JavaScript Minifier & Beautifier
Private by design — runs entirely in your browser
Minify or beautify JavaScript in your browser. Toova compresses JS for production or expands minified bundles into readable code, all without uploading your source to any server.
Production-grade minification
Minify mode removes comments, collapses whitespace, and shortens common patterns to produce a compact bundle. The output is semantically equivalent to the input — every function call, every side effect, every export survives. Useful for one-off snippets that do not pass through a build pipeline, or for shrinking inline scripts in HTML pages before deploying.
Beautify minified code
When you need to audit a minified library, debug an obfuscated script, or read the compiled output of a framework, beautify mode is what you want. Toova takes a single-line minified bundle and expands it into properly indented code with newlines between statements, sensible spacing around operators, and clear block boundaries. It does not deobfuscate — that is a separate problem — but it makes the code legible enough to read.
Local-only
All processing happens in your browser. The JavaScript you paste never leaves the page, which matters when the source is proprietary or contains secrets you would rather not share. The page works offline after first load and there are zero outbound requests during processing.
Frequently Asked Questions
- How much smaller is minified JavaScript?
- Typically 50-70% smaller before gzip, sometimes much more if the source had lots of whitespace and comments.
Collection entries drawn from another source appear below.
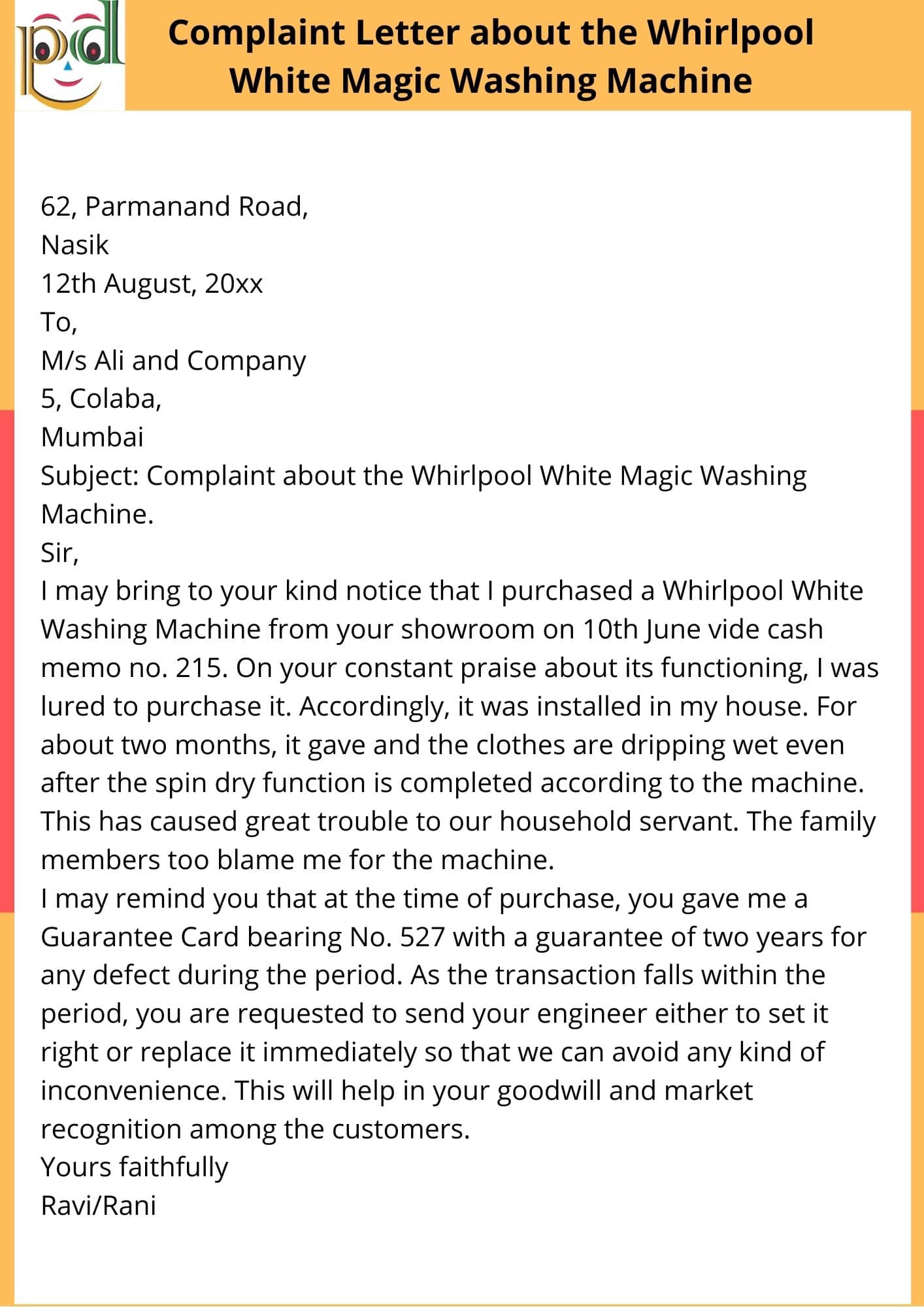 Question: You are Ravi/Rani living at 62, Parmanand Road, Nasik. Write a letter/application to Messers Ali and Company, 5, Colaba, Mumbai stating your complaint about a gadget, manufactured by them, that you have bought recently Whirlpool White Washing Machine.
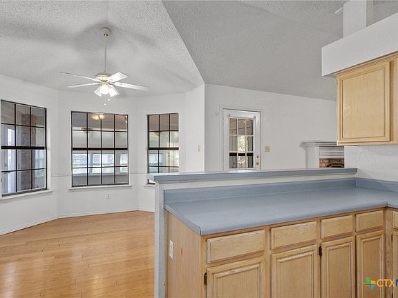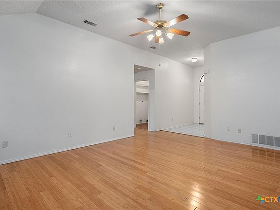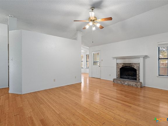Welcome to this charming and practical home nestled in a prime location with no HOA, offering both comfort and freedom of ownership. Step inside to discover a well-designed floor plan filled with natural light, high ceilings, and luxury vinyl plank flooring that adds both warmth and durability. The living room features a cozy fireplace, while the inviting kitchen features laminate countertops, a breakfast bar, abundant light wood cabinetry with convenient pull-out drawers, sleek white appliances, and a pantry for extra storage. Adjacent to the kitchen, the dining area with a bay window creates the perfect setting for morning coffee or cozy dinners. The primary suite provides a private retreat complete with a dual vanity, soaking tub, separate shower, and a walk-in closet. Two additional bedrooms offer flexibility for guests or a home office, and share a well-appointed full bath. A large enclosed, air-conditioned patio expands the living space—ideal for a sunny playroom, fitness area, or tranquil reading nook overlooking the backyard. Step outside to a spacious, fenced yard shaded by mature trees, perfect for outdoor gatherings, gardening, or simply relaxing in your private oasis. With no HOA, you have the freedom to customize and enjoy your property your way. Conveniently located just minutes from the Regional Airport and with easy access to US 190, TX 195, and I-35, this home offers seamless connectivity to shopping, dining, and recreational destinations.
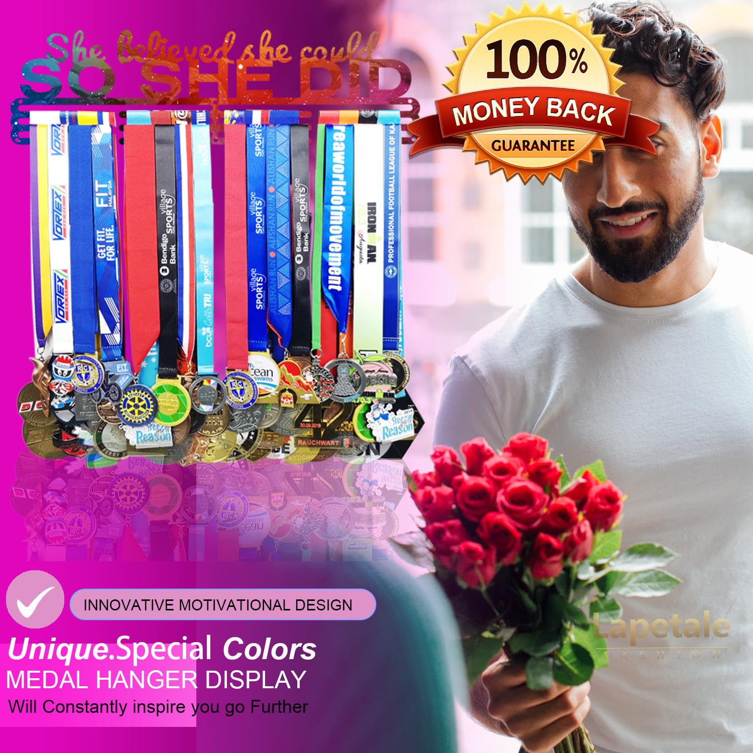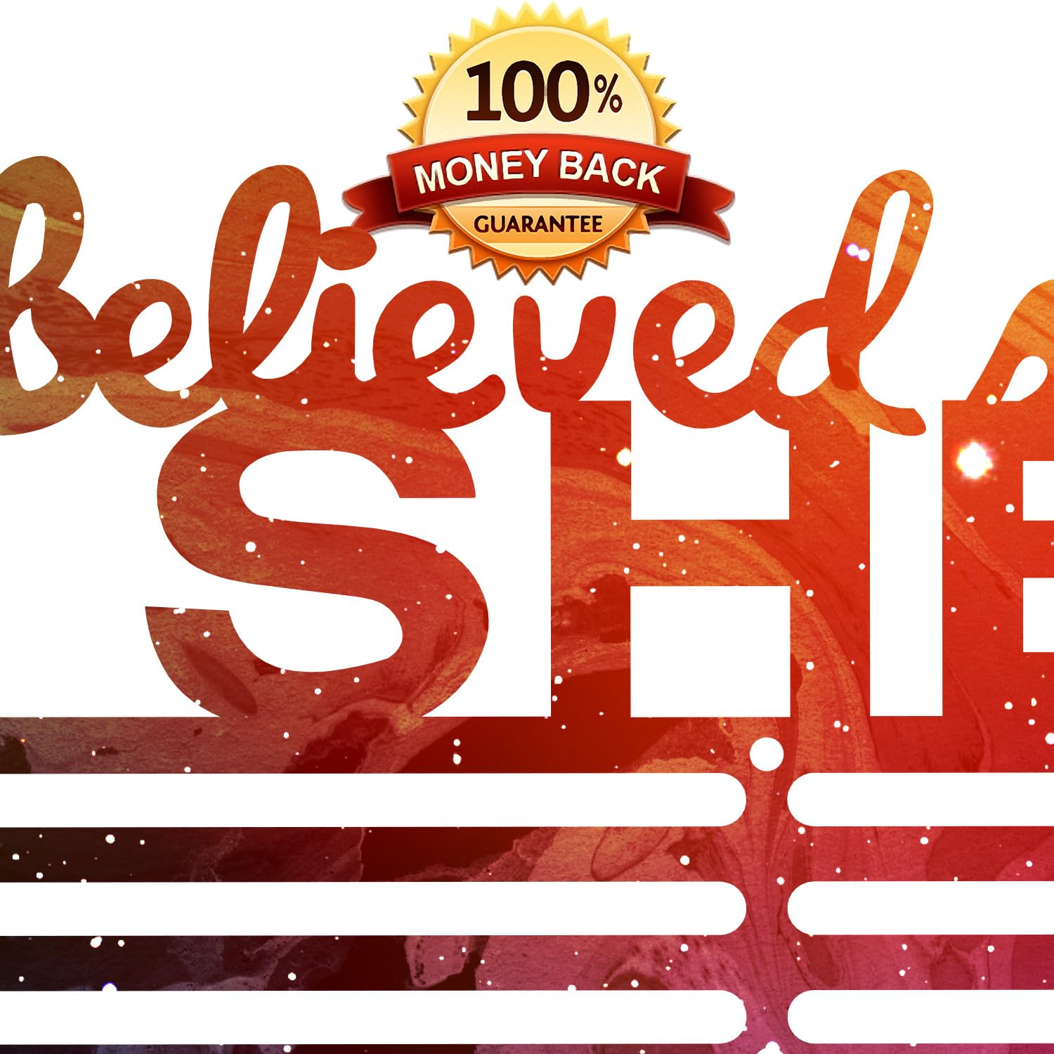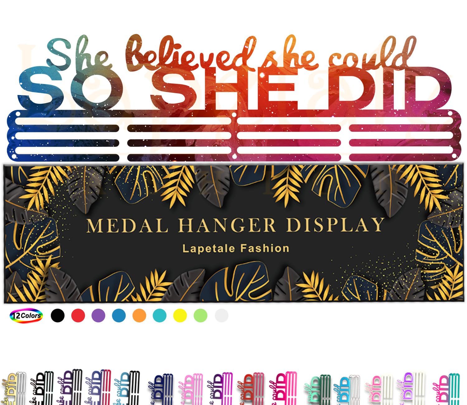 - 【STYLISH MEDAL HOLDER FOR SPORTS】runner medal hanger display design of this display wall mounted is not only a esthetic home decoration but also a great gift for your family or friends. sports medal hanger display won't go missing or collect dust in a drawer or closet; The 'She Believed She Could SO SHE DID ' medal display motivates you to keep pushing your limits and strive for greatness.The size of the metal hanger display: 16 inches long

After gzip the savings shrink to 20-30% because compression already removes redundant whitespace.
- Does beautify undo obfuscation?
- No. Beautify reformats the code so it is readable, but it does not rename variables back to meaningful identifiers or restore stripped function names. Obfuscation is one-way by design — beautify only fixes formatting.
- Will minification break my JavaScript?
- Not if the input is syntactically valid. The minifier preserves all semantics — every function call and side effect runs in the same order. If you rely on Function.name or specific stack traces, those may change.
- Does it support modern JavaScript?
- Yes. Arrow functions, async/await, destructuring, optional chaining, and other modern syntax are all handled correctly. The output stays in the same syntax level as the input — no transpilation happens.
- Is my code sent to a server?
- No. Processing happens entirely in your browser. Nothing is uploaded or logged.